It’s helpful here to understand that there are two things involved with digital sampling: Of foremost importance is the sampling; secondarily, subsequent digitization allows us a number of conveniences.
That is, sampling theory does not require digitizing—you can store the analog levels obtained by sampling a signal whose spectrum is below half the sample rate. Play it back by running the samples as analog impulses, at the original sample rate, through a lowpass “reconstruction” filter set just below half the sample rate. You can even perform signal processing on the analog samples before the reconstruction filter, such as an analog multiplier to control gain.
If you’ve even seen or used an analog delay guitar pedal, that’s how it works. But you also might know that fidelity is not great, because it’s not easy to retain the analog values without degradation, resulting in noise and loss of high frequencies. And more advance signal processing in the analog domain can be costly and difficult to implement.
But if we digitize those samples, we are assured that they retain their values without change for an indefinite amount of time. And if we store them in a numerical processor, we can use many advanced digital signal processing techniques on them, limited only by the processor speed.
One of the few concessions we must make is that we need to decide on the digital precision we use to obtain and store the digitized values. Fortunately, we’ve been able to get very good precision, affordably. Limits of the human ear and electronics (thermal noise is unavoidable above absolutely zero) run around 20 bits, and we usually support 24 bits mostly because it’s an even byte above the minimum we accept as high-quality (16-bits), and allows for additional headroom.

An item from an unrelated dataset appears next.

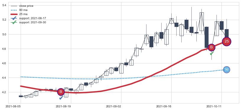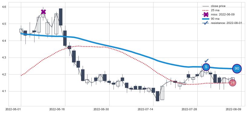 ⚁ MA3和MA8走势平行,且始终保持在短距离内,MA21始终在短中期均线上方,与短中期均线保持一定的距离,微微下行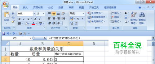 Excel 2007如何提取单元格小数点后第N位数字

So, sampling is what you referred to as the X-axis, the time axis. Here you’re mainly talking about long-term clock accuracy and jitter, both of which we’re very good at. We rarely have to worry about this, and it’s not something that normal signal processing algorithms can affect. So while sample rate is an important consideration for bandwidth, maintaining it is not an issue.
And the Y-axis is essentially the digitization accuracy. We’re also very good at that, but in our digital signal processing algorithms we need to take care that we aren’t degrading the level we already have, by neglecting quantization effects that can grow with poorly designed algorithms. Quantization effects are one of the major points that DSP coders need to pay attention to.